It is more steps (because there are two servers involved) but what we’ve done is moved things that take variable time outside of the critical window when the system is in maintenance mode. Everything that is happening during the maintenance mode (steps 4-7) is predictable. Additionally, I consider any server reboot to be risky. Problems tend to show up during a reboot that show up at no other time - hardware problems and even in a reasonably tight environment it’s possible there’s a configuration change made that hasn’t taken effect yet that will on reboot and cause a problem. With an MSCS cluster, this risky event is happening while the server is offline and won’t affect the production use of your application. You’ve also verified the basic integrity of the patches (after all - the server booted and you can monitor its event log to know its basically healthy) before even scheduling your maintenance period.

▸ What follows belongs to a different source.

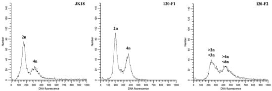 All the Day120 cultures of the 20 mutation accumulation lines were tested for genome content by fluorescence-activated cell sorting (FACS). The results demonstrated that 19 of the 20 lines maintained their ploidy levels at around 2N, similar to the original clone of JK18. The exception was line F2, which showed a ploidy level greater than 2N and close to 3N (Figure 6). Figure 6 shows the FACS profiles of three reference strains as well as the founder strain JK18 and two representative Day 120 cultures from lines F1 and F2. However, due to the coarse nature of FACS, minor gains or losses of genomic DNA contents including the gain and loss of entire chromosomes could not be detected or confirmed by FACS profile alone.

The comparison gets even better when you consider what happens in the first scenario above if you need to roll back a patch. With a cluster, you just fail back to the original node and you’re good to go. Without a cluster, you have to uninstall the patch, reboot, and re-certify.

Benefits Summary

  • Clustering makes system maintenance predictable and short.
  • Clustering lets you do risky things during main business hours instead of the middle of the night
  • Clustering lets you roll back a change very quickly and easily

If you’re clustering for these reasons, you’ll get great value out of it.

How are you clustering?

Shared Storage - The Traditional Approach

Microsoft has worked to make MSCS work with a pretty broad range of hardware to their credit. Traditionally, MSCS depends on being able to expose disks to more than one server at the same time. This can be done with the traditional server direct attach storage (DAS) technology - SCSI (and now SAS) however it relies on a set of very intricate hardware - RAID controllers in each server, special cutover terminators in the storage enclosure, etc. There is a lot that can go wrong, and when it does you may lose all of your data. For example, the configuration in the RAID controllers has to agree on what the virtual disks are. The shared storage was used at least for a special drive (called the Quorum drive) that stored central cluster configuration data and defined who was the current active node of the cluster. Additionally, any clustered service (like Microsoft SQL Server or Exchange) would typically have its disks also shared between the nodes in the cluster. If you don’t need to split your clustered nodes into different data centers (to create a geodiverse or “stretch” cluster) then this is a solid and straightforward way to go.

What I recommend is that you use a storage technology that encapsulates all of the RAID technology separate from the servers and is based on a technology that is fundamentally oriented towards sharing disks with multiple servers. This way you minimize the configuration on each server and the probability that a difference between servers will lose data. The traditional way of doing that is with a Storage Area Network (SAN). If you consider the two primary SAN technologies (Fibre Channel and iSCSI) both are fundamentally about sharing storage with multiple servers.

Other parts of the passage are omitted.